What a ride it has been for this son of an airplane mechanic and a mother who was the daughter of poor Irish immigrants.

The Journal gave me many of the tools I needed to develop as a reporter – and also as a filmmaker, podcaster and author of 20 published books, non-fiction and fiction. My 21st, "Traces of Mary," will be published by Crossroad Press in 2022.

The Journal allowed me to witness the paper winning the 1994 Pulitzer Prize for Investigative Reporting and to be part of the team that was a finalist for the 2004 Pulitzer Prize for Public Service, a recognition of our coverage of The Station nightclub fire that killed 100 and injured hundreds -- and the months of reporting and investigating that followed. Plus more paper and personal honors and prizes too numerous to list here. The Journal also gave me credibility for my community service efforts, notably as chairman (new emeritus) of the board of trustees of a public library.

And The Journal partnered with the Pell Center at Salve Regina University on the Story in the Public Square program, an initiative to celebrate, study and tell stories that matter. I am director of the program and co-host and co-producer, with Salve's Jim Ludes, of the Telly-winning show of the same name broadcast more than 500 times each week on public television stations coast-to-coast and heard five times each weekend on SiriusXM’s P.O.T.U.S. channel.

As I advanced in my career and had something to offer younger journalists -- and you know who you are! -- I mentored several of them (and still provide some guidance, when asked, even though most of these writers have moved to other stages). Yes, paying it forward.

 When I break it all down, it comes to this: how lucky I am to have been able to tell stories about people from all walks of life, hundreds of people from admirable to despicable I never would have met in any other profession. This is a small sampling:

Stephen King, my favorite author since the first book of his that I read, 'Salem's Lot.

Directors Joel Schumacher and Steven Spielberg. U.S. Senators including Ted Kennedy, Jack Reed, Sheldon Whitehouse and Claiborne Pell, subject of one of my books, “An Uncommon Man.” Joe Biden.
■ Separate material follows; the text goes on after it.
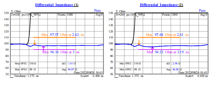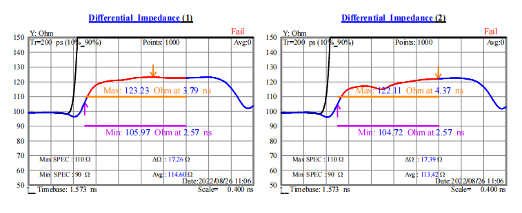 從圖一與圖二數(shù)據(jù)可以看出,不貼復(fù)合鋁箔,排線的特性阻抗平均值為114.6Ω和113.4Ω;貼上復(fù)合鋁箔后排線的特性阻抗平均值為96.8Ω和96Ω。而一般都要求線纜特性阻抗在100±10Ω。下圖七與圖八是不貼復(fù)合鋁箔與貼上復(fù)合鋁箔排線的特性阻抗圖,顯然貼上復(fù)合鋁箔后特性阻抗的波動(dòng)范圍更小,且能控制在標(biāo)準(zhǔn)范圍內(nèi)。

Many governors, mayors and other politicians. A murderer, an arsonist, and a rapist.

Longtime Zambarano Hospital resident, artist and disability rights champion the late Frank Beazley, one of my favorite people.

Some of the engineers who maintainthe Newport Bridge.
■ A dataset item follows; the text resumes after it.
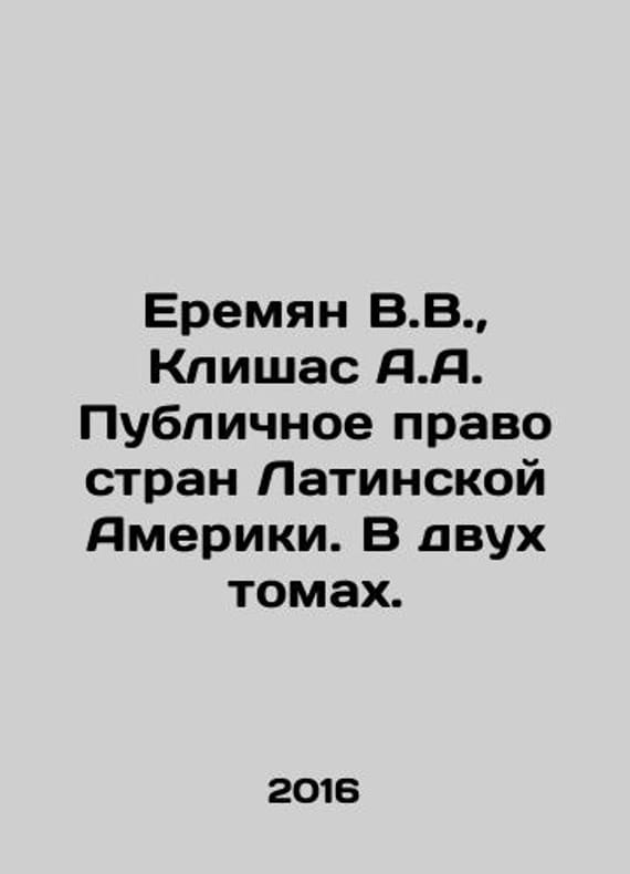 Eremyan V.V., Clichas A.A. Latin American Public Law. In two volumes. In Russian /Eremyan V.V., Klishas A.A. Publichnoe pravo stran Latinskoy Ameriki. V dvukh tomakh. In Russian. Moscow International Relations, 2016, 624p. We have thousands of titles and often several copies of each title may be available. Please feel free to contact us for a detailed description of the copies available. SKUalb96778dc1bd9d457d

Dr. Hardy Hendren, former Chief of Surgery at Boston Children’s Hospital. 

Plastic surgeon Patrick Sullivan.

Neil Corkery, who lives with Alzheimer's disease. 

Melissa Fundakowski, who lives with schizophrenia.

Dr.C. Walton Lillehei, the father of open-heart surgery.

Roush/Fenway NASCAR king Jack Roush and several of his drivers.

Native Americans Paula Dove Jennings and Tomaquag Museum head Lorén M. Spears, who among other stories narrated the story of the Great Swamp Massacre of 1675, the most violent episode on Rhode Island soil.

Hasbro chairmen and CEOs Alan Hassenfeld and Al Verrecchia, now prominent philanthropists. 

And many, many more, most of whom might be labeled “ordinary people” but who in truth were anything but. Some are listed at my bio here. 

 Let me close this little trip down Memory Lane with a video my then-teenage son shot of The Journal newsroom 13 years ago (CLICK to viewand thanks to editors who traveled with me, offering their time and energy not just to me and my colleagues, but also to an awesome newspaper tradition: among them, Joel Rawson, the late Chuck Hauser and Jim Wyman, Carol Young, Tom Heslin, Sue Areson, Karen Bordeleau, Alan Rosenberg, Mike McDermott and now, David Ng.


The late Jim Wyman, left, with Joel Rawson, Carol Young, Tom Heslin and Karen Bordeleau. I wrote Jim's obit and his widow placed that day's paper in his coffin for burial with him.